Just pass NULL and be done with that.

> +		sav_dentry = nd->dentry;
> +		sav_mnt = nd->mnt;
> +
> +		nd->dentry = dget(proc_dentry);
> +		nd->mnt = mntget(proc_submnt);
>  		new = (*parent->d_inode->i_op->lookup)(parent->d_inode,
> -						       proc_dentry, NULL);
> +						       proc_dentry, nd);
> +		path_release(nd);
> +
> +		nd->dentry = sav_dentry;
> +		nd->mnt = sav_mnt;
>  		if(new){
>  			dput(proc_dentry);
>  			proc_dentry = new;

Ditto.

> @@ -213,11 +240,20 @@ static struct dentry *hppfs_lookup(struc
>  	} else {
>  		up(&parent->d_inode->i_sem);
>  		if (proc_dentry->d_op && proc_dentry->d_op->d_revalidate) {
> -			if (!proc_dentry->d_op->d_revalidate(proc_dentry, NULL) &&
> +			sav_dentry = nd->dentry;
> +			sav_mnt = nd->mnt;
> +
> +			nd->dentry = dget(proc_dentry);
> +			nd->mnt = mntget(proc_submnt);
> +			if (!proc_dentry->d_op->d_revalidate(proc_dentry, nd) &&
>  					!d_invalidate(proc_dentry)) {
>  				dput(proc_dentry);
>  				proc_dentry = ERR_PTR(-ENOENT);
>  			}
> +			path_release(nd);
> +
> +			nd->dentry = sav_dentry;
> +			nd->mnt = sav_mnt;
>  		}
>  	}

Shouldn't be there at all (use lookup_one_len() instead of open-coding it)

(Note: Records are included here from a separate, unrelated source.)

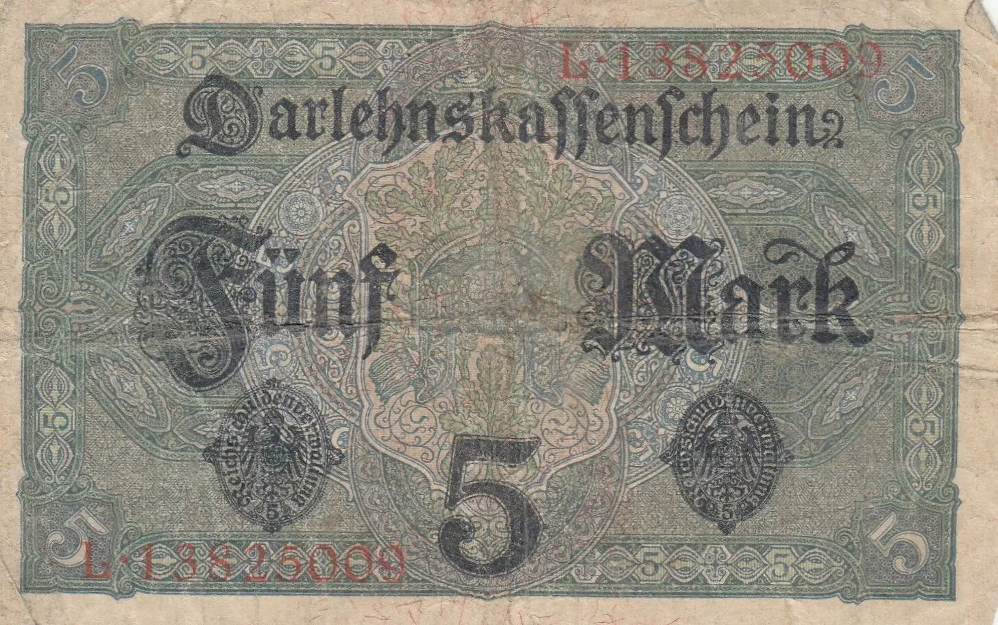 Banknote Germany 5 Mark - Woman, crown - 1917 - Serial L - P.56b
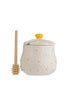 The Daisy honey pot & drizzler is part of a fully co-ordinating collection, including ceramic storage and table top accessories.
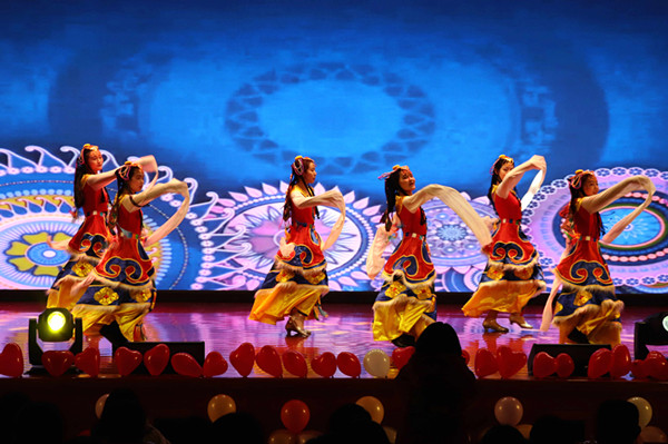 “中华民族一家亲,同心共筑中国梦。”演出开始前,单晓峰书记上台致新年词,表达了对人文师生们的深深祝福。晚会在优美的古典舞《忆江南》中拉开了帷幕,第一篇章“人文芳华”,以悠扬的歌声,优美的旋律,精彩的话剧对白,将现场气氛推向高潮。第二篇章“民韵之风”,同学们用民族舞串烧《舞韵民风》和预科班同学原创诗朗诵《最美的年纪遇见你》,向观众展示了别样民族风情。值得一提的是,少数民族预科班老师阿娜尔与同学帕丽哈同台共舞《黑走马》,时而热烈奔放,时而妩媚动人,将草原上骏马奔驰时矫健姿态的卡拉角勒哈舞蹈表现得淋漓尽致。第三篇章“以心迎新”,少数民族预科班全体同学合唱《行知路的日子》歌曲,表达了对金科的浓浓感恩之情,晚会到此圆满落幕。晚会现场,师生欢聚一堂,一起欣赏着同学们自编自演的节目,为同学们精彩的表演而欢呼鼓掌,体验浓浓的少数民族风情,处处洋溢着师生和谐、民族团结的欢乐景象。

> @@ -248,16 +284,32 @@ static struct dentry *hppfs_lookup(struc
>  
>  static int hppfs_permission(struct inode *inode, int mask, struct nameidata *nd)
>  {
> +	struct dentry *sav_dentry;
> +	struct vfsmount *sav_mnt;
> +
>  	struct inode *proc_inode;
> +	struct dentry *proc_dentry;
>  	int (*permission) (struct inode *, int, struct nameidata *);
> +	int ret;
>  
> -	proc_inode = HPPFS_I(inode)->proc_dentry->d_inode;
> +	proc_dentry = HPPFS_I(inode)->proc_dentry;
> +	proc_inode = proc_dentry->d_inode;
>  	permission = proc_inode->i_op->permission;
>  
>  	if (permission == NULL)
>  		return generic_permission(inode, mask, NULL);
>  
> -	return (*permission)(proc_inode, mask, nd);
> +	sav_dentry = nd->dentry;
> +	sav_mnt = nd->mnt;
> +
> +	nd->dentry = dget(proc_dentry);
> +	nd->mnt = mntget(proc_submnt);
> +	ret = (*permission)(proc_inode, mask, nd);
> +	path_release(nd);
> +
> +	nd->dentry = sav_dentry;
> +	nd->mnt = sav_mnt;
> +	return ret;
>  }

Same note about NULL.

>  static struct inode_operations hppfs_file_iops = {
> @@ -794,6 +846,9 @@ static int hppfs_readlink(struct dentry 
>  
>  static void* hppfs_follow_link(struct dentry *dentry, struct nameidata *nd)
>  {
> +	struct dentry *sav_dentry;
> +	struct vfsmount *sav_mnt;
> +
>  	struct dentry *proc_dentry;
>  	void * (*follow_link)(struct dentry *, struct nameidata *);
>  	void *ret;
> @@ -808,7 +863,18 @@ static void* hppfs_follow_link(struct de
>  	if (follow_link == NULL)
>  		return ERR_PTR(-EOPNOTSUPP);
>  
> +	/* We have a reference on this already - so it won't go.*/
> +	sav_dentry = nd->dentry;
> +	sav_mnt = nd->mnt;
> +
> +	nd->dentry = dget(proc_dentry);
> +	nd->mnt = mntget(proc_submnt);
>  	ret = follow_link(proc_dentry, nd);
> +	/* XXX: would this be done normally when calling follow_link or not? */
> +	path_release(nd);
> +
> +	nd->dentry = sav_dentry;
> +	nd->mnt = sav_mnt;


And this is absolutely bogus.  The whole point of ->follow_link() is to
move where your nameidata points to.  So no, you do _not_ want to flip
nameidata, you do not want to drop it and you certainly do not want
to flip it back.  Just call the underlying one.